Big Hands
I just want to be looked after. I want a lap to rest my head in, or a shoulder to rest my head on. I want some big and gentle hands to cradle my skull, let me know that they are there to be surrendered to, my whole weight if I need. Let me know that I could sleep there, anywhere, for days and that they would carry me, palm to neck, fingers splayed up to skull, from the car, into the house, and bed. From the train, into the office, and chair. That they could hold me all day, up to the ergonomic folds, press the small of my back to the accommodating curve, let my knees rest lower than my hips, work my hands along the keyboard in a precision achieved through synergy.
I want someone who knows what is best for me, to decide on an end point of appropriate success and who knows every move I must make in order to get there. Someone who always knows what to play in the car. When to snap bottles of champagne in celebration.
I want him to want to look after me, to be his sole purpose. Him, God of one.
And until the point of admission, submission that he can, and will, and was destined to look after me, I want to be played games with. I want a lasso gaze cast out to wrangle my reluctant eyes up. Break from the gaze of your boring exchange briefly, to count five, an intentional - “alright” then reengage dryly with eyes who watch me now, wondering.
I will second guess myself ruthlessly, tear my skin past my nail and down my fingers which wait anxiously for the text back. Cantering horses will pace out my heart rate when I see him, or when I don’t see him though he said I would.
I will pander to an avoidant attachment style. Wait and wait and wait for messages, physically restrain myself from sending more than one, though it has been five hours, and I have thought at least 45 times of sending other messages. I will learn, (I’m sure I will eventually learn) to take all of the value I need from the positive and well-intentioned “Great”s and “Can’t wait to see you”s and I won’t feel shut out when I read the long letters he writes to other people, totally unrelated people, who he feels so compelled to reach out to and reassure and build up and advise. He knows nothing about my life, except for what i tell him, and I am sure he cares about me. Barely remembering like, "oh shit yeah how was that" or "oh shit yeah how are they".
And I won’t feel confused or upset when he shows up to see me on crutches for an injury that I could not point to, let alone describe the origin of, and then not really know what to do with the sympathy that I feel, which somehow seems fake to extend since I have no idea what has happened, and to ask feels like overstepping since the information wasn’t extended freely, and still isn’t being extended freely, though there has very clearly been an incident of potentially quite serious magnitude which would very likely have involved a trip to the hospital, perhaps even A&E and time off work and if something like that happened to me I would not even reach a feeling of obligation (which dwells deep in the gut) to tell him but much more immediately be compelled to tell him (which fizzes, spurred by incident, to the top).
And I will do this until I just can’t take it anymore, until I can’t handle the cowardly, cape-pulling retreat, the disappearing into the bushes at any uncomfortable topic.
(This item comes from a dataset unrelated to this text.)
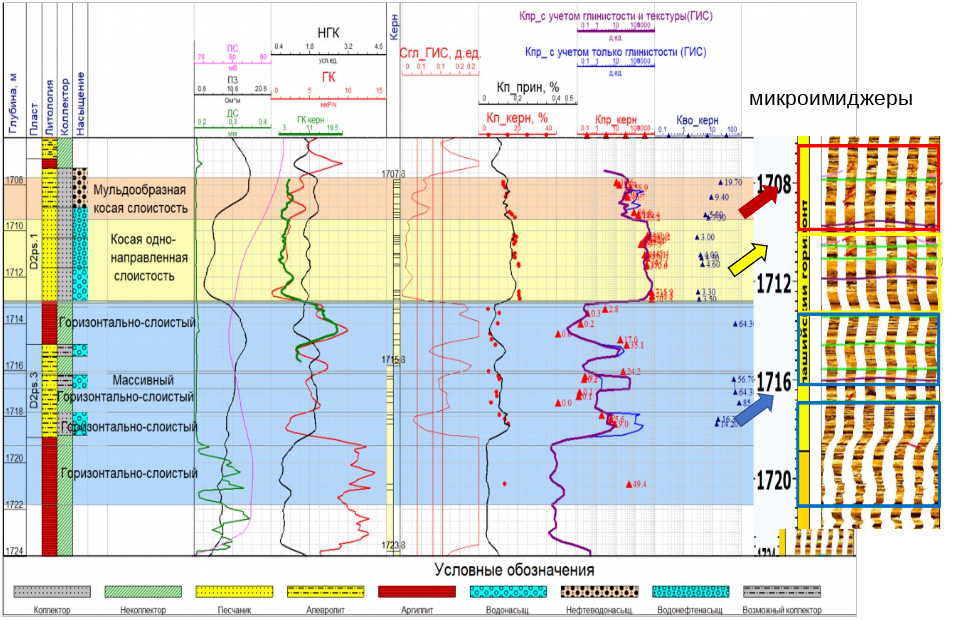 Таким образом, включение в комплекс ГИС методов высокого разрешения, в частности микроимиджеров и ядерно-магнитного каротажа, является критически важным для применения петрофизических уравнений с целью оценки фильтрационно-емкостных свойств, позволяя избегать ошибок при прогнозе продуктивности коллекторов.

And then I will look again for a molehill of care in the pupils of a gaze holding mine past the count of 4, in an interested question, or an invitation, a kindly decorated recollection of some dusty detail I had dredged up and felt embarrassed about.
Then I dream violently of him. Wake with his gentle arm around me, weight with no force, as it was in the tiered warehouse where we lay five hours ethereal, non-existent, and as I will feel it draped around me at various times - tugging at my sleeve to get coffee, wrapped and supporting like a seatbelt for the crash. It will feel like inhaling smoke for the first time; ticklish and illicit. And this is what I need. A preoccupation. A thought to fall asleep to, and not just post-midnight - a thought to fall asleep to awake, like meditation, an ohm of consistent frequency, that I may tune into, set my course against with simple wins and losses. I rest my head to the car window and sleep again.
We lock eyes, and walk away unrecognised. We lock arms and spin, commence our repetition.